Nei tre anni dopo, dal 2007 al 2010, James sarà due volte l’MVP della regular season, senza riuscire, però, a riportare i Cavs alle Finals. Dopo sette anni con Cleveland Lebron diventa free agent, e decide, nell’estate del 2010 di traslocare a Miami. “The decision”, la decisione, trasmessa in diretta nazionale, provoca grande malumore e rabbia tra i tifosi dei Cavs, che considerano Lebron un traditore, andato via per la gloria personale, in una squadra nettamente favorita. In Florida, con Wade e Bosh, Lebron forma i big three, e i successi non tardano ad arrivare: 4 Finals consecutive, vinte le due in mezzo contro Oklahoma e San Antonio, due volte MVP della regular season, due volte MVP delle finali. LBJ a Miami ha coronato il suo sogno, ma non è soddisfatto. Vuole riprovare, da uomo ormai maturo, a centrare l’obiettivo fallito anni prima: vincere un titolo con i Cavs. Il suo ritorno a Cleveland nel 2014 viene festeggiato come una festa nazionale, con Irving e Love, la squadra può puntare al titolo.

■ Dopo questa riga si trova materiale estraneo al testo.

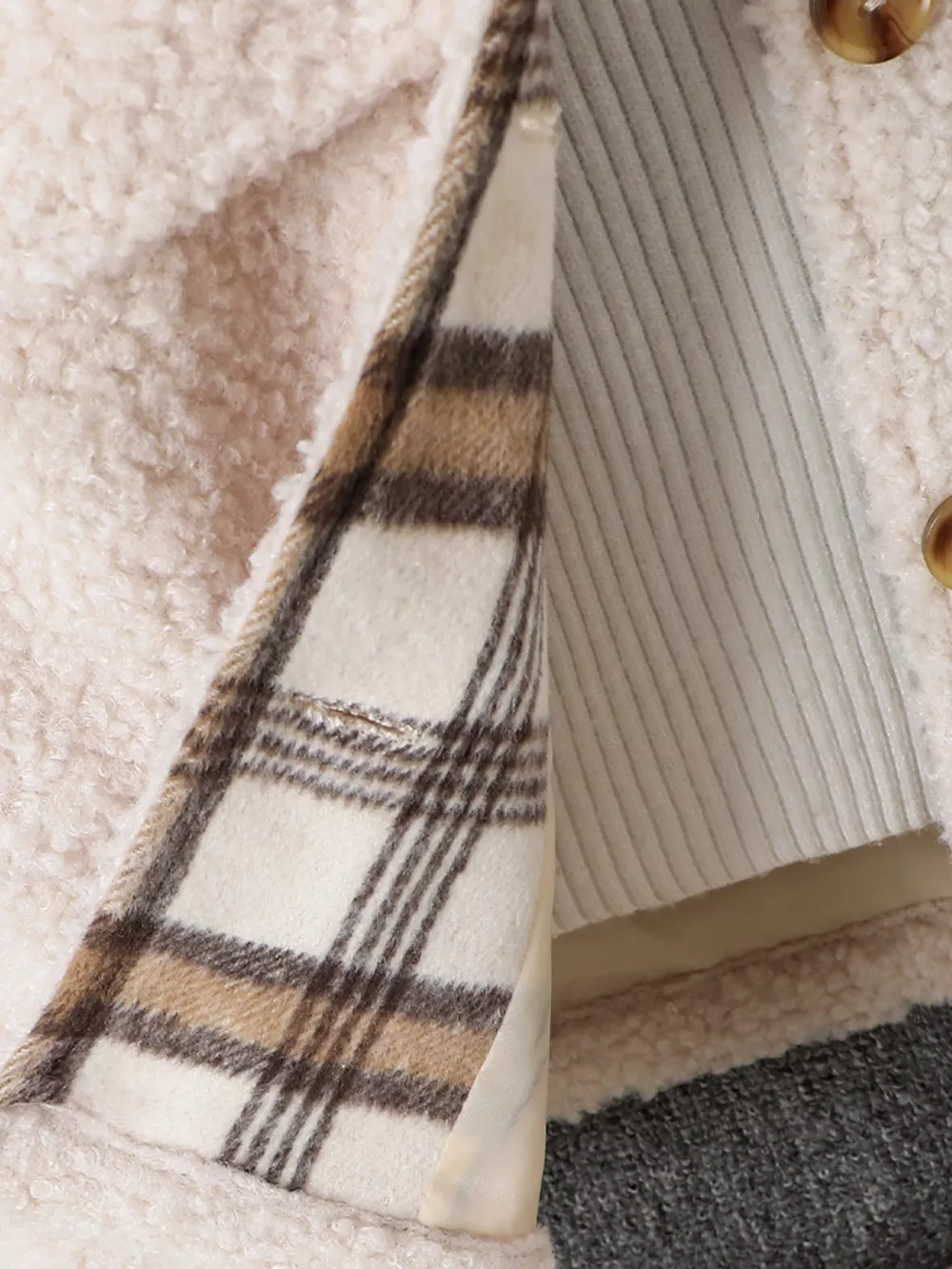 Children's Cozy Plaid Sleeve Fleece Jacket

Tuttavia a Ovest ci sono i fortissimi Golden State Warriors, guidati da Curry, Thompson, Green, e successivamente anche da Durant. La stagione diventa un corollario delle Finals: Cleveland e Golden State si fronteggiano per 4 anni di fila, con i californiani che vincono nel 2015, 2017 e 2018. Ma nel 2016, l’incredibile accade. I Warriors sono avanti 3-1, nessuna squadra ha mai vinto una serie con questo svantaggio. I Cavs riescono a pareggiare, e si presentano in gara 7 a Oakland contro un’arena ostile. La stoppata di James su Iguodala a due dalla fine diventa iconica, così come i 27 punti che consentono ai Cavaliers di ribaltare la serie, e di vincere il loro primo titolo della storia. “Cleveland, this is for you!”, urla James commosso in camera, in un momento già leggendario. Nel 2018 il quadriennale da 154 milioni che lo lega a Los Angeles, sponda Lakers, per 4 anni, probabilmente gli ultimi. In una prima annata problematica, Lebron non centra i playoff per la prima volta dal 2005, il secondo anno, pur in una stagione scombussolata dal Covid, King James riporta il titolo ai losangelini, nell’anno della scomparsa di Kobe Bryant. 13 volte nell’NBA first team, due ori olimpici, terzo miglior marcatore di sempre nella stagione regolare: uno dei più grandi, se non il più grande, che il basket abbia mai avuto.